Sinn Fein's attitude to whether the IRA is still in business will "kill or cure" power sharing in Northern Ireland, Ulster Unionist leader Mike Nesbitt has said.
Mr Nesbitt said progress could not be made in efforts to resolve the crisis that has engulfed Stormont following a murder linked to the IRA unless the republican party admitted the paramilitary organisation was still operating.
He made the assessment as he emerged from a bi-lateral meeting with Northern Ireland Secretary Theresa Villiers at Stormont House.
Ms Villiers has convened emergency talks with the parties in a bid to rescue the faltering administration.
Mr Nesbitt claimed Ms Villiers had agreed with his party's view that Sinn Fein denials about the existence of the IRA was "doing huge damage to the political process".
He added: "If there are to be talks this I believe will kill or cure the devolved government."
The negotiation process is expected to last four to six weeks and today's session will involve bi-lateral meetings between Ms Villiers and the individual parties. Irish government officials will also hold one-to-one meetings with the parties.
Mr Nesbitt urged against round table talks until Sinn Fein's stance had been established.
"We have cautioned against holding a round table discussion at this time until the Secretary of State gets a feel of where others, particularly Sinn Fein, are with regard to the way forward," he said.
The latest crisis to beset the faltering administration was sparked by the murder of Kevin McGuigan.
The Democratic Unionists have pulled all but one of their five ministers out of the Executive and DUP First Minister Peter Robinson has stepped down.
The Ulster Unionists have resigned their one ministerial post in what was a 13-ministry, five party coalition prior to the furore over the McGuigan shooting.
Police have said current members of the IRA were involved in last month's shooting of Mr McGuigan in a suspected revenge attack for the murder of former IRA commander Gerard "Jock" Davison in Belfast three months earlier.
The disclosures about the IRA have heaped pressure on Sinn Fein to explain why the police assess that the supposedly defunct paramilitary organisation is still in existence.
Sinn Fein has insisted the IRA has gone away and has accused the two unionist parties of contriving a crisis for electoral gain.

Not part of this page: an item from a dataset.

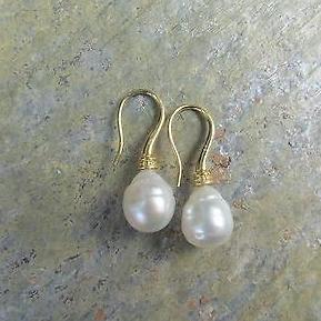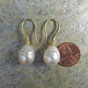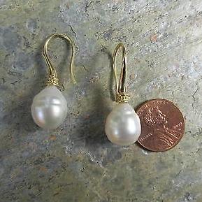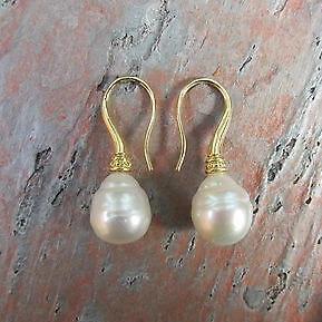 18KT yellow gold genuine, cultured Paspaley South Sea Pearl shepherd hook earrings.

The controversy escalated last week when three senior republicans, including Sinn Fein's northern chairman Bobby Storey, were arrested by detectives investigating the murder. All three were later released without charge.
But during the period they were being questioned, Mr Robinson stepped down and three of his DUP ministers quit the Executive.

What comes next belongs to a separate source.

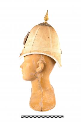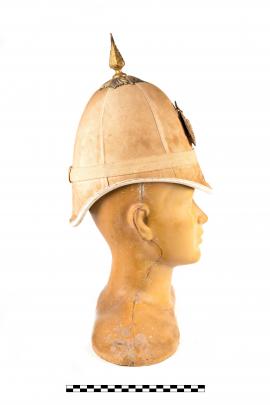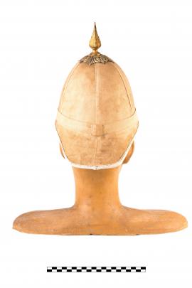 หมวกมหาดเล็กรักษาพระองค์สีขาว มีสัญลักษณ์ตราแผ่นดินหน้าหมวก สมัยรัชกาลปลายรัชกาลที่ ๔- รัชกาลที่ ๕ ลักษณะสมัยนิยมตามแบบยุโรป

Commenting publicly on his arrest for the first time on Sunday, Mr Storey accused unionists of trying to cynically exploit his "wrongful detention" to bring down power sharing.

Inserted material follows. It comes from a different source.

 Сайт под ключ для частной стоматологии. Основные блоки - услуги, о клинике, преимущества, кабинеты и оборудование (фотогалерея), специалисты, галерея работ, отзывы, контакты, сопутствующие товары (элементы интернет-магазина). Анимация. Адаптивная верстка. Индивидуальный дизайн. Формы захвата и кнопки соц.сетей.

He repeatedly insisted the IRA was no more - at one stage evoking the metaphor of a butterfly.
Police Service of Northern Ireland (PSNI) chief constable George Hamilton has said there is no evidence IRA leadership sanctioned the McGuigan murder. However, the region's senior officer said structures of the organisation still exist, albeit for political, not terror, purposes.
Mr Storey said he agreed with the assessment there was no IRA military footing, but he added: "Where I differ from the chief constable, is there is no role for the IRA, the IRA has finished, the IRA has gone. I think the chief constable and other perspectives out there see this in terms of the IRA being the caterpillar that's still there, where I think it's moved on, it's become a butterfly, it's flew away, it's gone, it's disappeared and they need to evolve to that as well."